▶ Your objective: Each line of the data below from the one holding "Мега-жук ведет себя" to the one holding "Maximale Sicherheit im", inclusive, is to be reproduced exactly; no other line belongs in the answer.

▶ Data shown:
_____

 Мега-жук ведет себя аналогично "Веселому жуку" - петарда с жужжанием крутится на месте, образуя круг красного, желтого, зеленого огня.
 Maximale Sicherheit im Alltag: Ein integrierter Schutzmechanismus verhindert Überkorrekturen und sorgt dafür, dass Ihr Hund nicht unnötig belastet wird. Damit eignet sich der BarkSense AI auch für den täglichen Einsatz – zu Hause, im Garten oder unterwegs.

_____

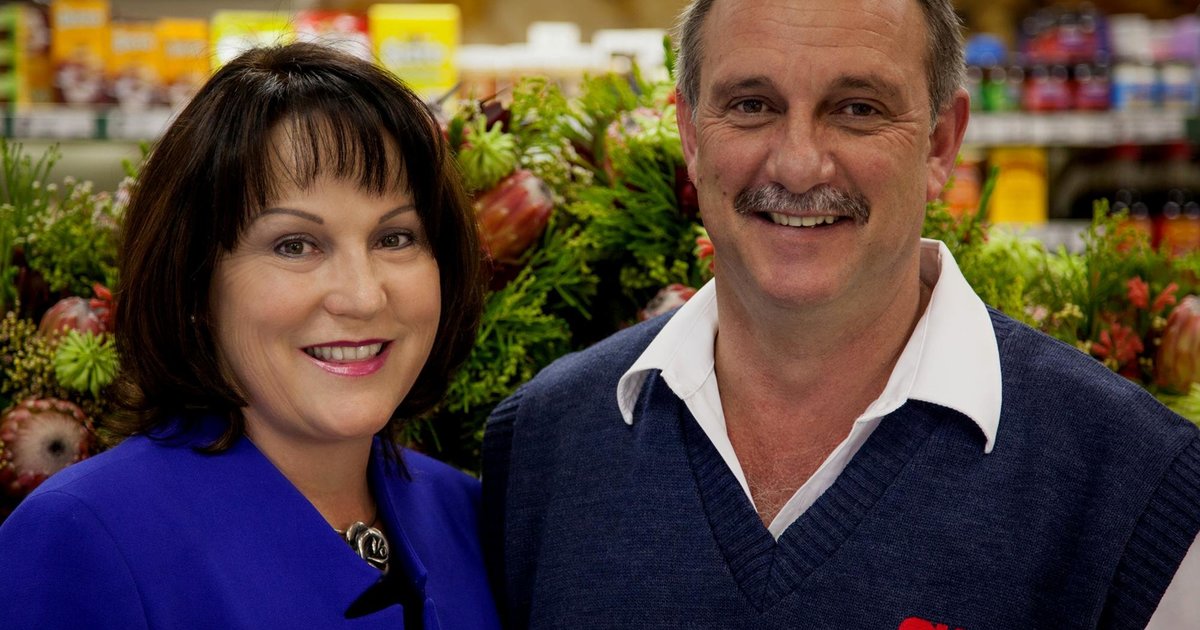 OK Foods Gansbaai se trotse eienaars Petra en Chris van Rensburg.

_____

▶ Response below:
 Мега-жук ведет себя аналогично "Веселому жуку" - петарда с жужжанием крутится на месте, образуя круг красного, желтого, зеленого огня.
 Maximale Sicherheit im Alltag: Ein integrierter Schutzmechanismus verhindert Überkorrekturen und sorgt dafür, dass Ihr Hund nicht unnötig belastet wird. Damit eignet sich der BarkSense AI auch für den täglichen Einsatz – zu Hause, im Garten oder unterwegs.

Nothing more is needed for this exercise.